**What the task requires**: Output only the lines of the entries that follow, starting at the one with "CIUDAD DE MÉXICO, 14JULIO2025.- Una" and running down to the one with "Magic FLAC to", both included and unchanged.

**Data supplied**:
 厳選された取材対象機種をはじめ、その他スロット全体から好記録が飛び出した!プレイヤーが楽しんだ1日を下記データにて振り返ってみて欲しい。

* * *

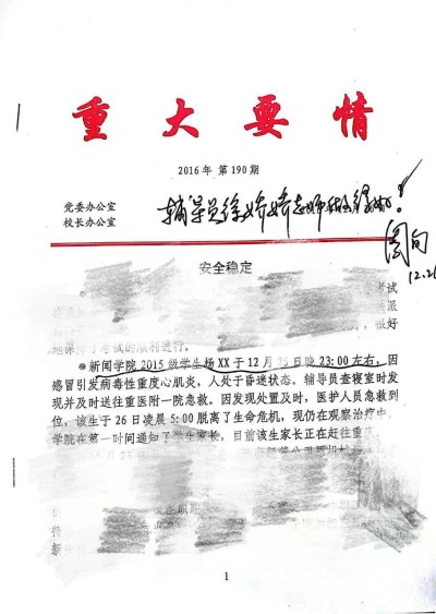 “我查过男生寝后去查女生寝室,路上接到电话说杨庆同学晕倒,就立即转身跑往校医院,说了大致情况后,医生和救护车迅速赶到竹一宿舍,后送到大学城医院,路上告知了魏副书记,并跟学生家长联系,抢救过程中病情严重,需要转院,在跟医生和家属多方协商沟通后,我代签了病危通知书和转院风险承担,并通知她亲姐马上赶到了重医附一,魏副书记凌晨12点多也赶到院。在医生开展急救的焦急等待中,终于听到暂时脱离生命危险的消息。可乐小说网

--

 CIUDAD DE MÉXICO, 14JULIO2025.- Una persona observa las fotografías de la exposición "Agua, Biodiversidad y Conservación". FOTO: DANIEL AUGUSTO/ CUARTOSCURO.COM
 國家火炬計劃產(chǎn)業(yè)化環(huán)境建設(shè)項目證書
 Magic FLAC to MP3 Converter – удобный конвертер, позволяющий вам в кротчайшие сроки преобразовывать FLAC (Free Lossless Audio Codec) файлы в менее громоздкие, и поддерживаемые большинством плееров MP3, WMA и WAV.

**Reply to the task**:
 CIUDAD DE MÉXICO, 14JULIO2025.- Una persona observa las fotografías de la exposición "Agua, Biodiversidad y Conservación". FOTO: DANIEL AUGUSTO/ CUARTOSCURO.COM
 國家火炬計劃產(chǎn)業(yè)化環(huán)境建設(shè)項目證書
 Magic FLAC to MP3 Converter – удобный конвертер, позволяющий вам в кротчайшие сроки преобразовывать FLAC (Free Lossless Audio Codec) файлы в менее громоздкие, и поддерживаемые большинством плееров MP3, WMA и WAV.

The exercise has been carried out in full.